▶ [Data extracted from a collection]:
■ ■ ■ ■ ■
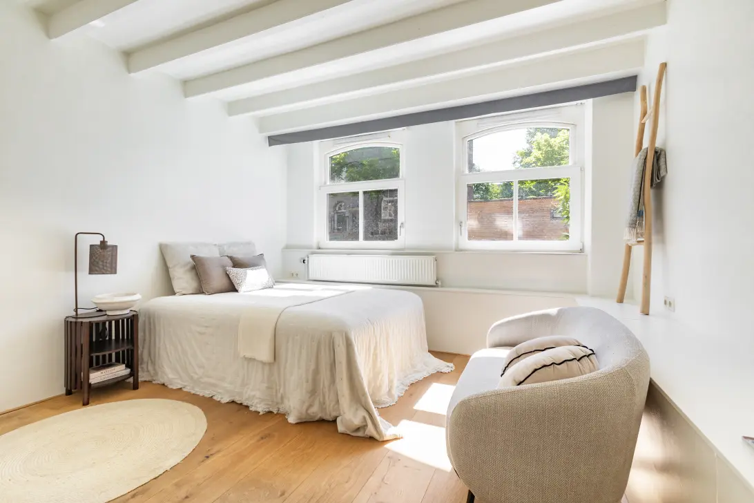 Het appartement beschikt over twee volwaardige (slaap)kamers, een derde kamer geschikt als kantoor of extra slaapvertrek, inloopkast en royale badkamer met ligbad, douche en dubbele wastafel die zich bevindt op de slaapverdieping.
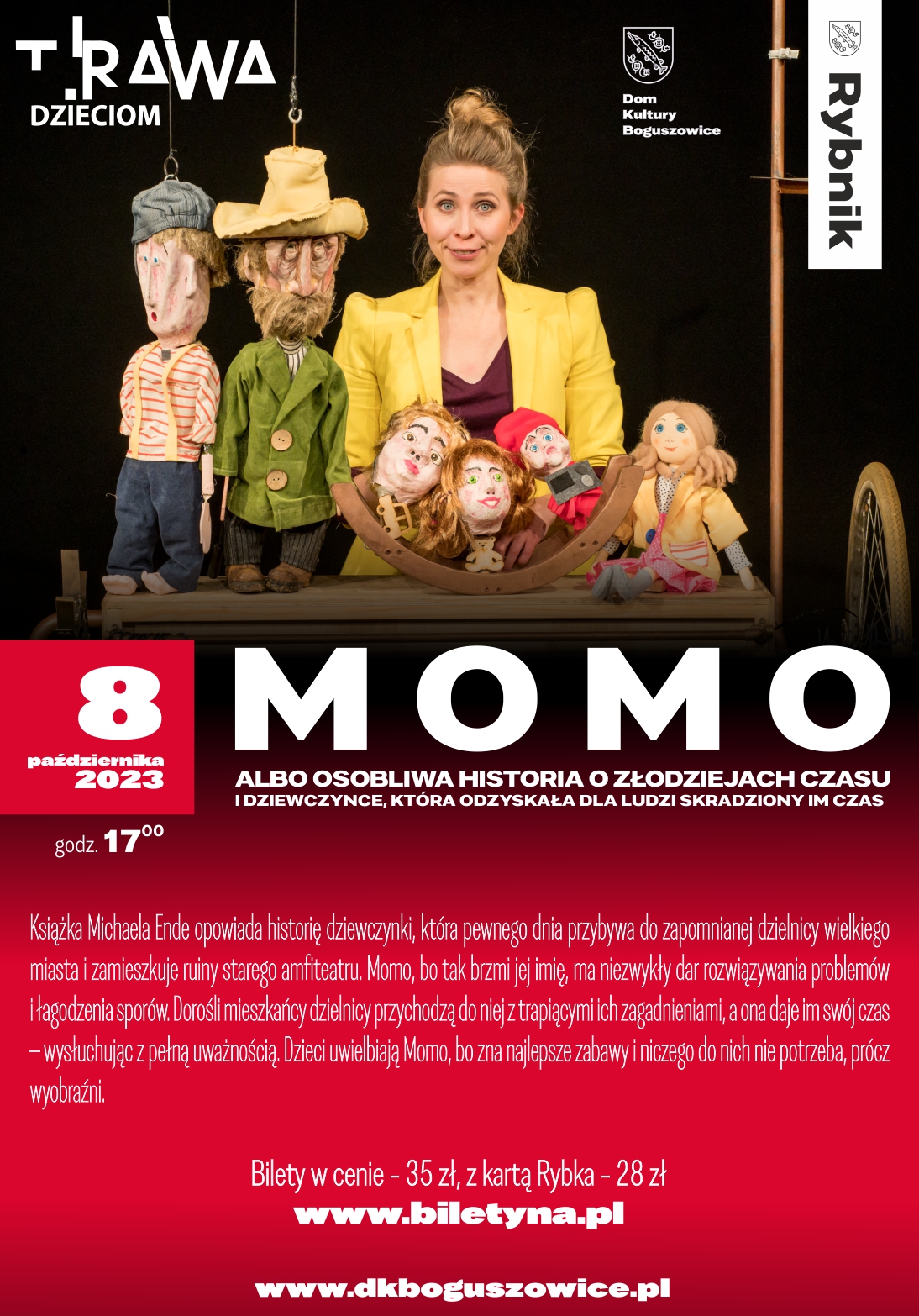 „MOMO” to inscenizacja kultowej powieści dziecięcej, której pełny tytuł brzmi: „Momo albo Osobliwa historia o złodziejach czasu i dziewczynce, która odzyskała dla ludzi skradziony im czas”.
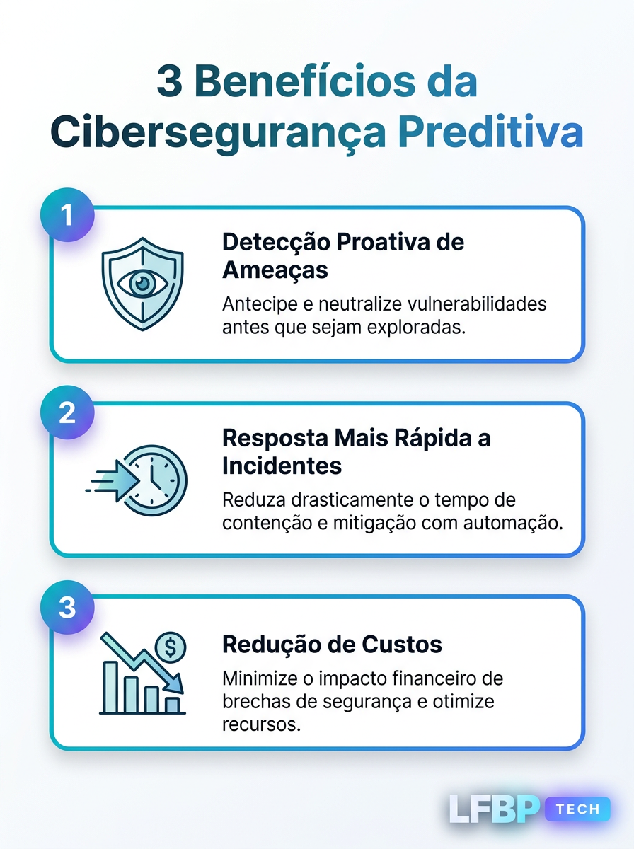 | O que define a cibersegurança preditiva? | É o uso de IA e análise de dados para identificar ameaças antes que elas sejam executadas, movendo o foco da resposta para a prevenção ativa. Saiba mais em IA parando ataques em tempo real. |
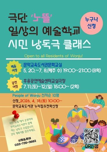 경기디지털뉴스 마성숙 기자 | 문막교육도서관은 5월 20일부터 7월 8일까지 매주 수요일 저녁, 지역 극단 ‘노뜰’의 전문 배우들과 협력해 시민들의 일상을 예술로 물들이는 특별한 예술학교를 운영한다.
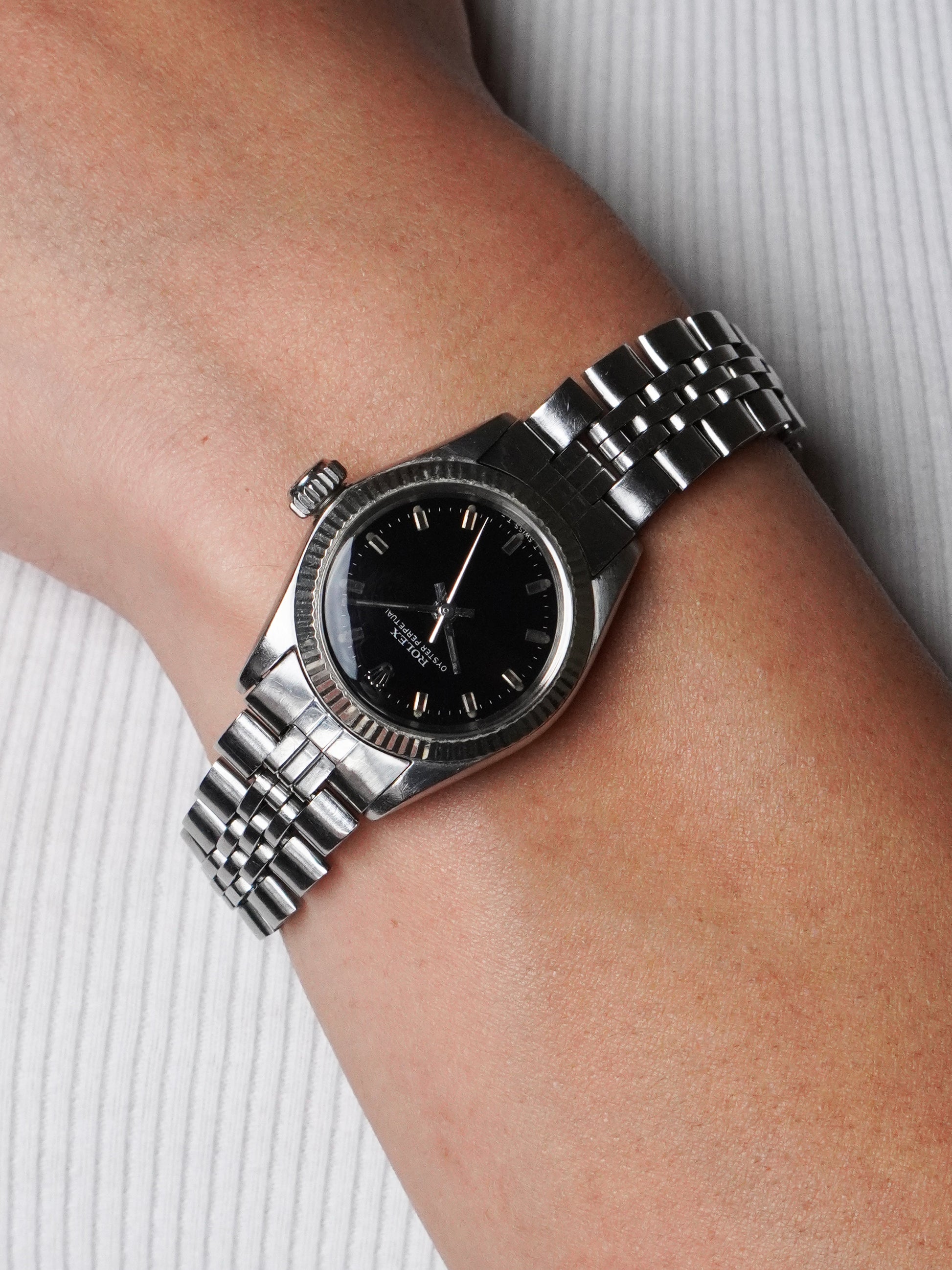 With its period-correct originality, black dial, and excellent service history, this 1970 Rolex Oyster Perpetual Ref. 6619 is a timeless vintage piece that perfectly blends daily wearability with strong collector appeal.
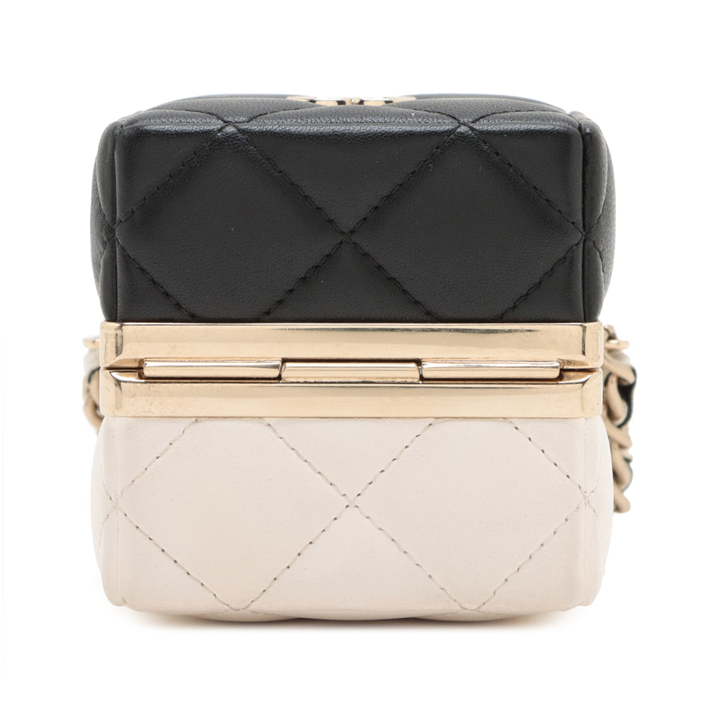 Chanel Bicolor Quilted Cuir d’agneau Cube Pochette with Chain Blanc
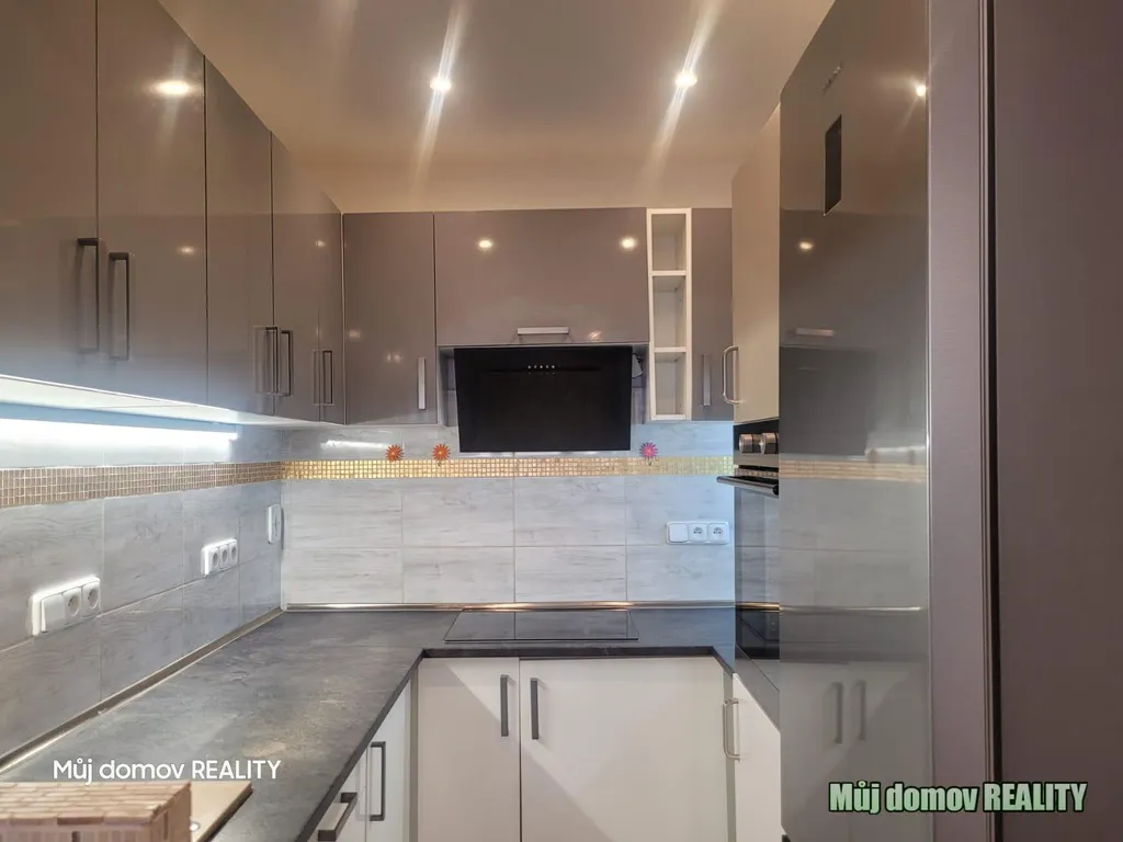 Byt je částečně zařízený k dispozici je plně vybavená kuchyňská linka, lednice, sporák, trouba a dostatek úložných prostor. Chybí pouze postel a sedací souprava.
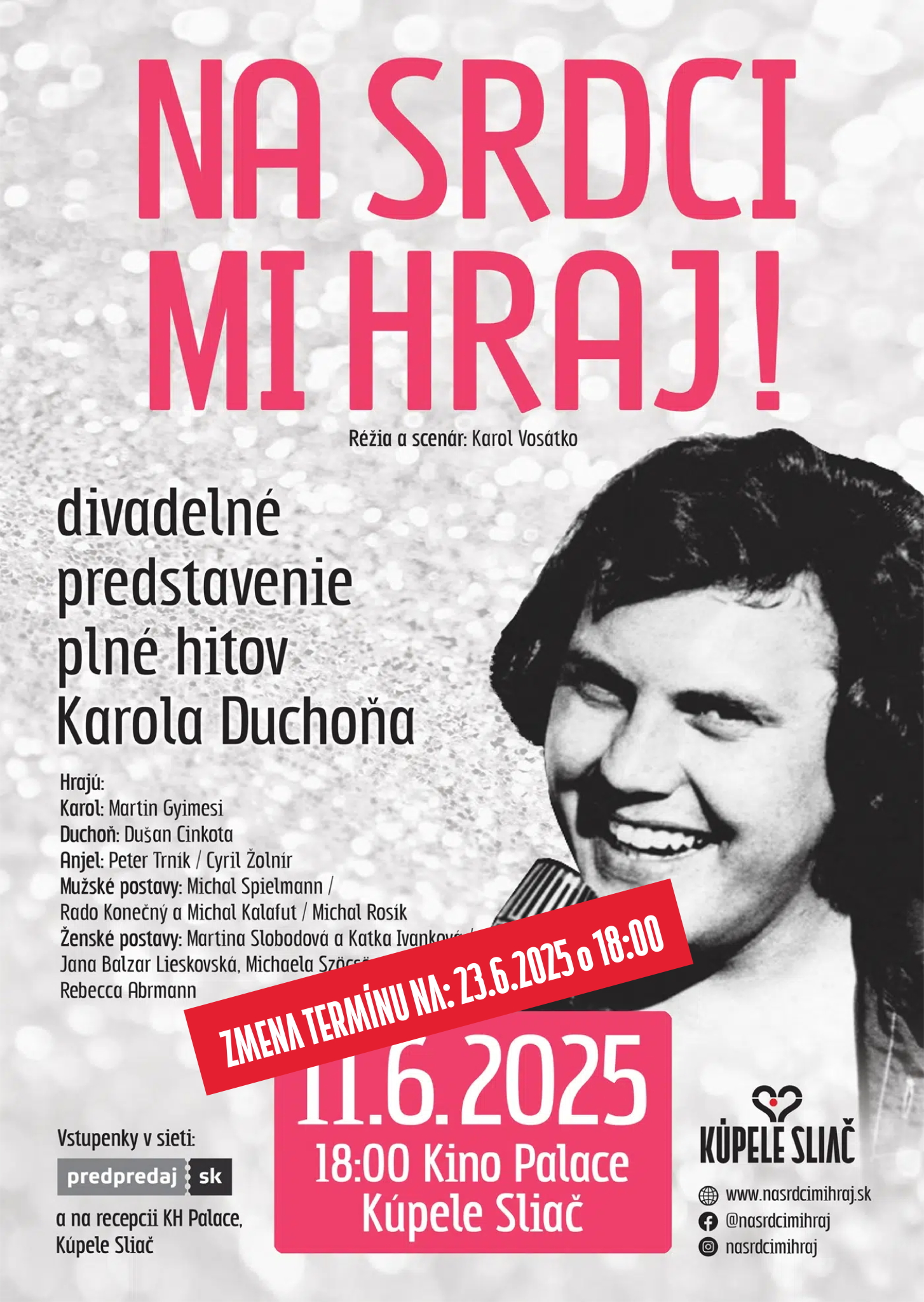 Podujatie Na srdci mi hraj!, ktoré sa malo konať v termíne 11.6.2025 o 18:00 sa presúva na nový termín 23.6.2025 o 18:00. Vstupenky zostávajú v platnosti. V prípade nevyhovujúceho náhradného termínu môžu zákazníci požiadať o vrátenie peňazí. Túto žiadosť je potrebné odoslať do dňa 11.6.2025 (vrátane). Zákazníci, ktorí si zakúpili vstupenky prostredníctvom stránky predpredaj.sk dostanú túto informáciu emailom. V prípade nedoručenia emailu skontrolujte priečinok spam / nevyžiadaná pošta, prípadne kontaktujte reklamacie@predpredaj.sk
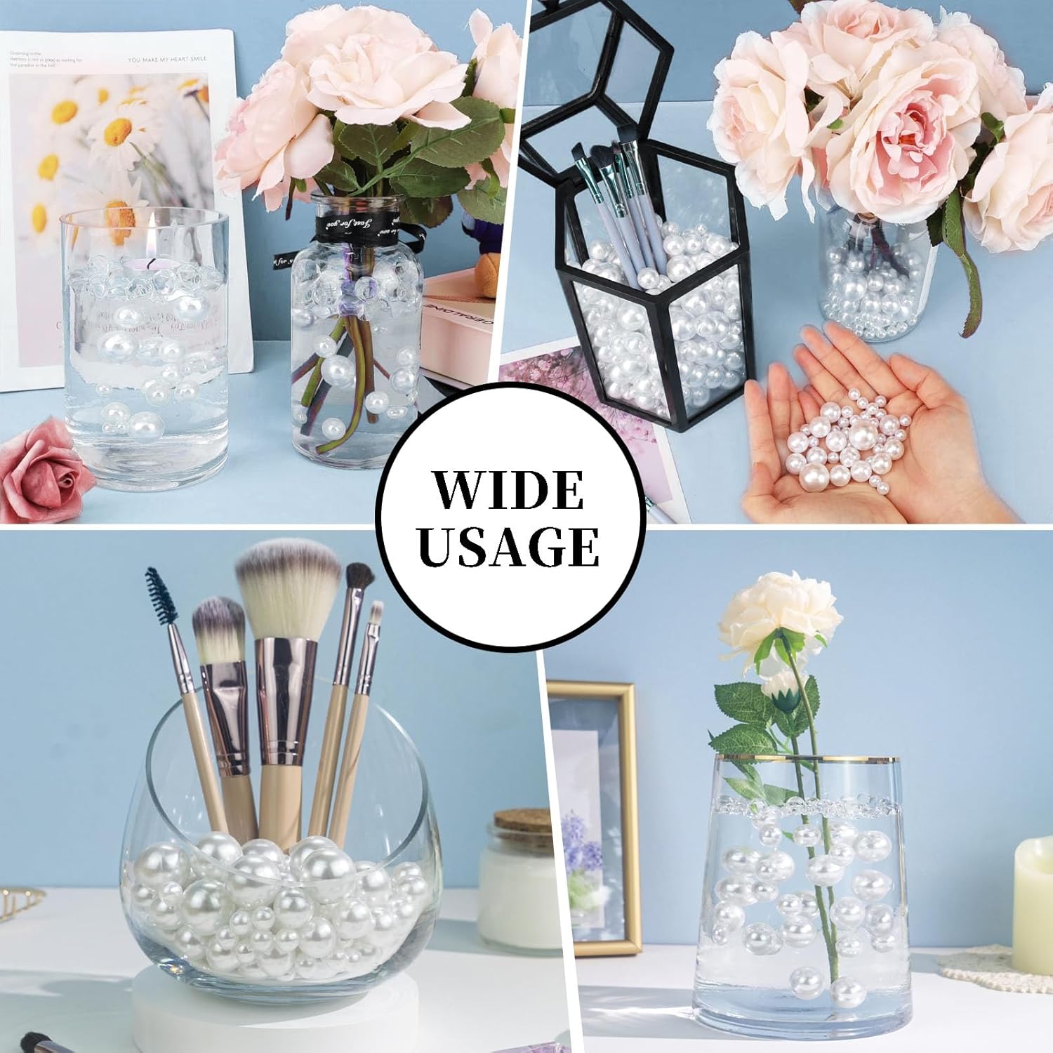 • 【Beads for Decoration】fake pearls are ideal as vase fillers, the pearl decor surprises your family, and friends, Vase Beads for centerpieces are a great romantic and simply elegant, decorate your floral arrangements, use Vase Beads for vases no hole as vase fillers, candle plate decorations, give you a sense of beauty and magnificence. decorative pearls perfect for wedding and family graduation bridal shower decorations; birthday, holiday, DIY Crafts.
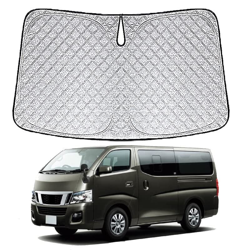 日産 NV350 キャラバン 5代目 E26型 専用サンシェード 車 フロント 2012.6~現行 Nissan NV350 CARAVAN E26 ニッサンフロントガラス用 UVカット 日よけ 車中泊 遮光 断熱 折り畳み式 アクセサリー キャラバン サンシェード カスタム キャラバンNV350 内装パーツ(シルバー, NV350 キャラバン E26型 厚い6層)
■ ■ ■ ■ ■
▶ [AIM OF THE EXERCISE]: Write out the records above exactly as they stand, leaving out every picture.

▶ [WRITTEN REPLY]:
 Het appartement beschikt over twee volwaardige (slaap)kamers, een derde kamer geschikt als kantoor of extra slaapvertrek, inloopkast en royale badkamer met ligbad, douche en dubbele wastafel die zich bevindt op de slaapverdieping.
 „MOMO” to inscenizacja kultowej powieści dziecięcej, której pełny tytuł brzmi: „Momo albo Osobliwa historia o złodziejach czasu i dziewczynce, która odzyskała dla ludzi skradziony im czas”.
 | O que define a cibersegurança preditiva? | É o uso de IA e análise de dados para identificar ameaças antes que elas sejam executadas, movendo o foco da resposta para a prevenção ativa. Saiba mais em IA parando ataques em tempo real. |
 경기디지털뉴스 마성숙 기자 | 문막교육도서관은 5월 20일부터 7월 8일까지 매주 수요일 저녁, 지역 극단 ‘노뜰’의 전문 배우들과 협력해 시민들의 일상을 예술로 물들이는 특별한 예술학교를 운영한다.
 With its period-correct originality, black dial, and excellent service history, this 1970 Rolex Oyster Perpetual Ref. 6619 is a timeless vintage piece that perfectly blends daily wearability with strong collector appeal.
 Chanel Bicolor Quilted Cuir d’agneau Cube Pochette with Chain Blanc
 Byt je částečně zařízený k dispozici je plně vybavená kuchyňská linka, lednice, sporák, trouba a dostatek úložných prostor. Chybí pouze postel a sedací souprava.
 Podujatie Na srdci mi hraj!, ktoré sa malo konať v termíne 11.6.2025 o 18:00 sa presúva na nový termín 23.6.2025 o 18:00. Vstupenky zostávajú v platnosti. V prípade nevyhovujúceho náhradného termínu môžu zákazníci požiadať o vrátenie peňazí. Túto žiadosť je potrebné odoslať do dňa 11.6.2025 (vrátane). Zákazníci, ktorí si zakúpili vstupenky prostredníctvom stránky predpredaj.sk dostanú túto informáciu emailom. V prípade nedoručenia emailu skontrolujte priečinok spam / nevyžiadaná pošta, prípadne kontaktujte reklamacie@predpredaj.sk
 • 【Beads for Decoration】fake pearls are ideal as vase fillers, the pearl decor surprises your family, and friends, Vase Beads for centerpieces are a great romantic and simply elegant, decorate your floral arrangements, use Vase Beads for vases no hole as vase fillers, candle plate decorations, give you a sense of beauty and magnificence. decorative pearls perfect for wedding and family graduation bridal shower decorations; birthday, holiday, DIY Crafts.
 日産 NV350 キャラバン 5代目 E26型 専用サンシェード 車 フロント 2012.6~現行 Nissan NV350 CARAVAN E26 ニッサンフロントガラス用 UVカット 日よけ 車中泊 遮光 断熱 折り畳み式 アクセサリー キャラバン サンシェード カスタム キャラバンNV350 内装パーツ(シルバー, NV350 キャラバン E26型 厚い6層)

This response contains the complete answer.